- _TASK DESCRIPTION_:
As you work through the listing below, copy each line exactly and drop the images.
PROVIDED MATERIAL START
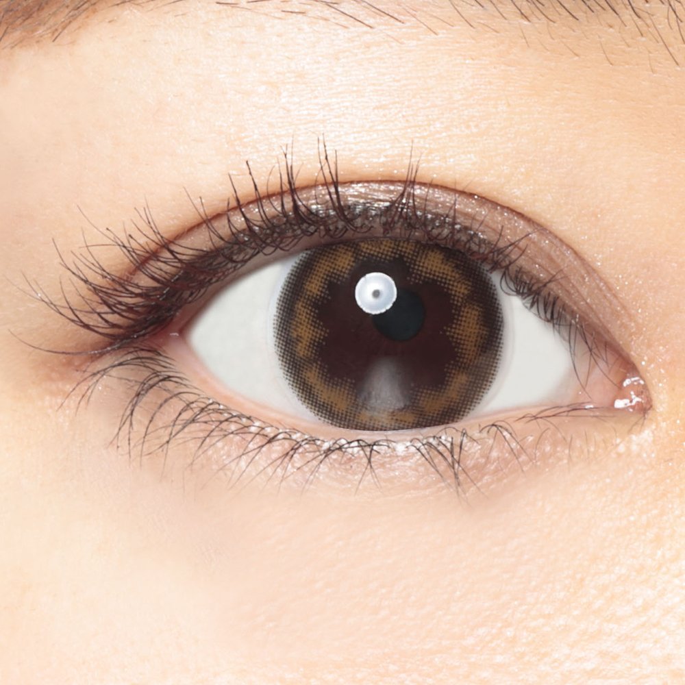 The contrast of a slightly black outer border and inner brown brings a sense of transparency to the pupil and directs a natural and healthy woman.
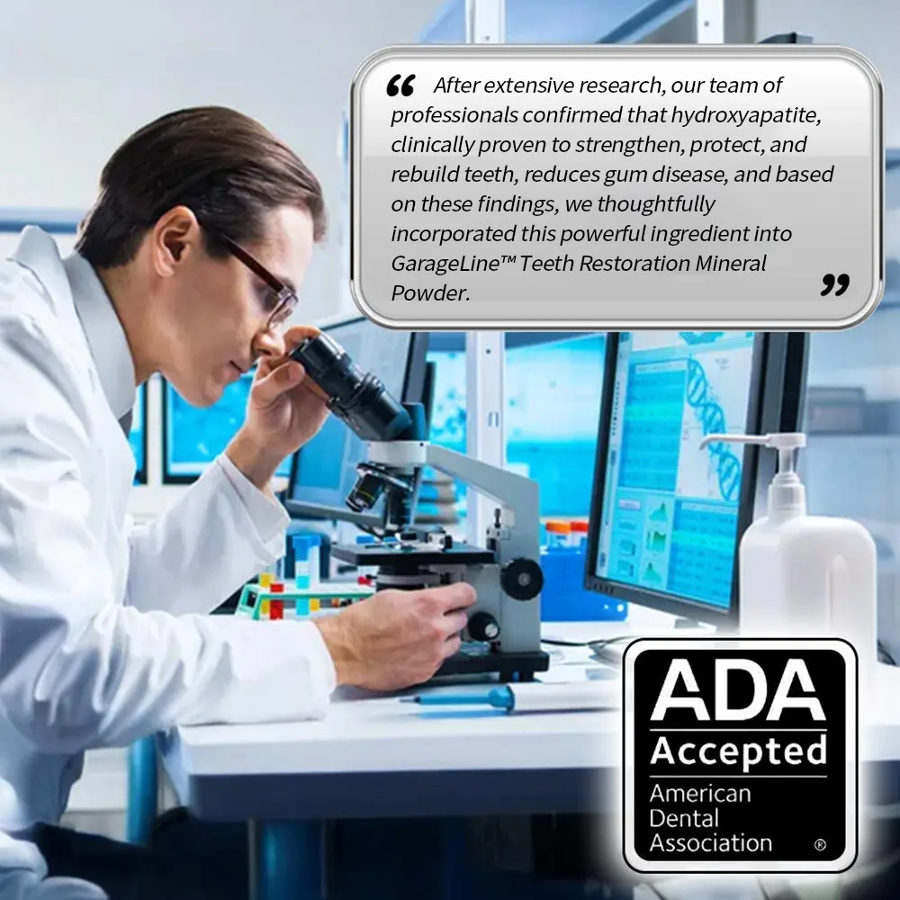 GarageLine™ Teeth Restoration Mineral Powder utilizes the natural healing properties of mineral elements like hydroxyapatite, combined with potent herbal ingredients. These components collaborate to enhance gum health and strengthen tooth enamel, ensuring comprehensive oral care. Additionally, the formula includes essential vitamins that further support dental health, providing a holistic approach to maintaining a radiant smile.
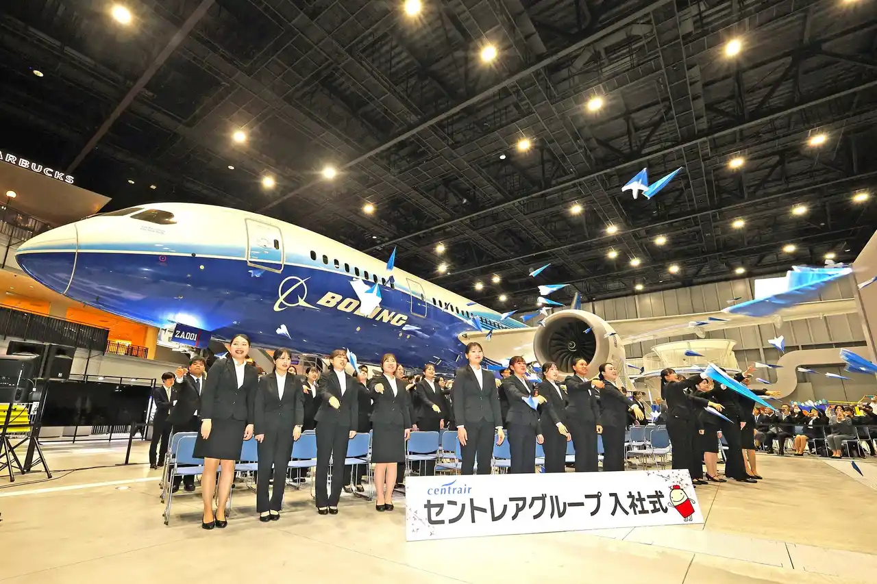 | 2026年度のセントレアグループの新入社員は70名。中部国際空港セントレアを象徴するボーイング787初号機の展示施設「フライト・オブ・ドリームズ」で社会人の一歩を踏み出しました。 |
PROVIDED MATERIAL END
- _ANSWER TO THE EXERCISE_:
 The contrast of a slightly black outer border and inner brown brings a sense of transparency to the pupil and directs a natural and healthy woman.
 GarageLine™ Teeth Restoration Mineral Powder utilizes the natural healing properties of mineral elements like hydroxyapatite, combined with potent herbal ingredients. These components collaborate to enhance gum health and strengthen tooth enamel, ensuring comprehensive oral care. Additionally, the formula includes essential vitamins that further support dental health, providing a holistic approach to maintaining a radiant smile.
 | 2026年度のセントレアグループの新入社員は70名。中部国際空港セントレアを象徴するボーイング787初号機の展示施設「フライト・オブ・ドリームズ」で社会人の一歩を踏み出しました。 |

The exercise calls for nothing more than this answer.